第8地区の古いカフェテラスの二階、開放的なオープンテラスにあるその席で、彼女は思考を巡らせる旅に出た。
1、ここはグランツ教の治める宗教都市『グランツミレニアム』。
2、クルセイダーが何かを調査している(おそらく自分たちのこと)。
3、ベールを被せられているかのように、記憶に思い出せない部分がある。
4、手の甲に、謎の変化する数字が刻まれている。
(我々が抱えている問題はこんなところでしょう)
この中で大きな問題なのは、3、記憶に関連する事項だ。
記憶術を使える彼女は、どこからどこまでの記憶がないのかを確かめてみた。記憶に混乱が生じているらしく、正確な期間はわからないが、大まかには、1日、2日前から記憶が喪失している。
(……ふむ。なるほど)
シャーロットは、通りを眺めた。ずっと奥に、巨大なホログラフィが見える。
(ああ。もう一つ、気になる点がありました)
超国家神。グランツ教の象徴であり、絶対的な中心。彼女とこの一件の関連性はまだ見えてこないが、調べてみる価値はありそうだ。
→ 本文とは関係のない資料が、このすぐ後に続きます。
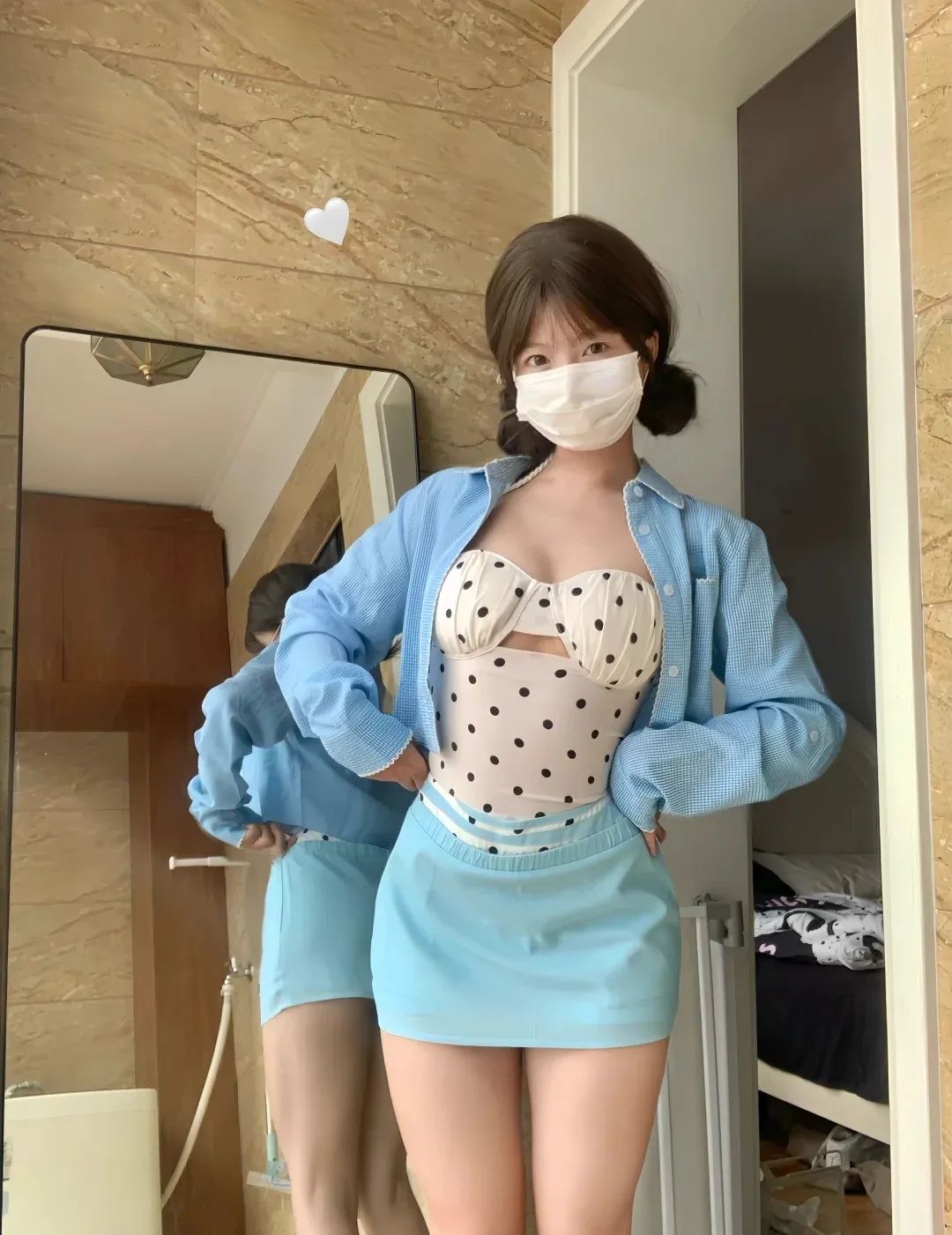 对镜自拍壁纸,波点上衣+蓝色短裙,俏皮时尚

探偵の直感に従って、彼女は超国家神と接触する事を当面の目標に据えた。
(町の人の話では、この都市に彼女はいないとのことでしたが、都市の中央にある大神殿、あそこになら彼女に繋がる手がかりがあるかもしれませんね)
遠くそびえる大神殿を見つめた。それから手前にある大きな門に視線を移す。
北の第6地区に続く門は、固く閉ざされていた。門の左右は、高い壁がどこまでも続き、門の前には、クルセイダーの一団が集結している。
大神殿に行くためには、第6地区を通らなければならない。
(あそこを突破する方法を推理しなくては……)
その時、悲鳴が聞こえた。
店の前を、寿子が血相を変えて走るのが見えた。リナとベファーナ、理知と智緒も一緒に。その後ろから、クルセイダーが追いかけてきているのも見えた。
「……どうしよう、理知ちゃん。北の門にも、クルセイダーがたくさんいるよ」
「……と、とりあえず、そこの角を曲がろう。後ろの人達をなんとかしないと!」
五人は、角を曲がってスタコラと去って行った。
同カフェテラスに、騎沙良 詩穂(きさら・しほ)の姿があった。
彼女は、セルフィーナ・クロスフィールド(せるふぃーな・くろすふぃーるど)と清風 青白磁(せいふう・せいびゃくじ)と北の門を突破する方法を考えているところだった。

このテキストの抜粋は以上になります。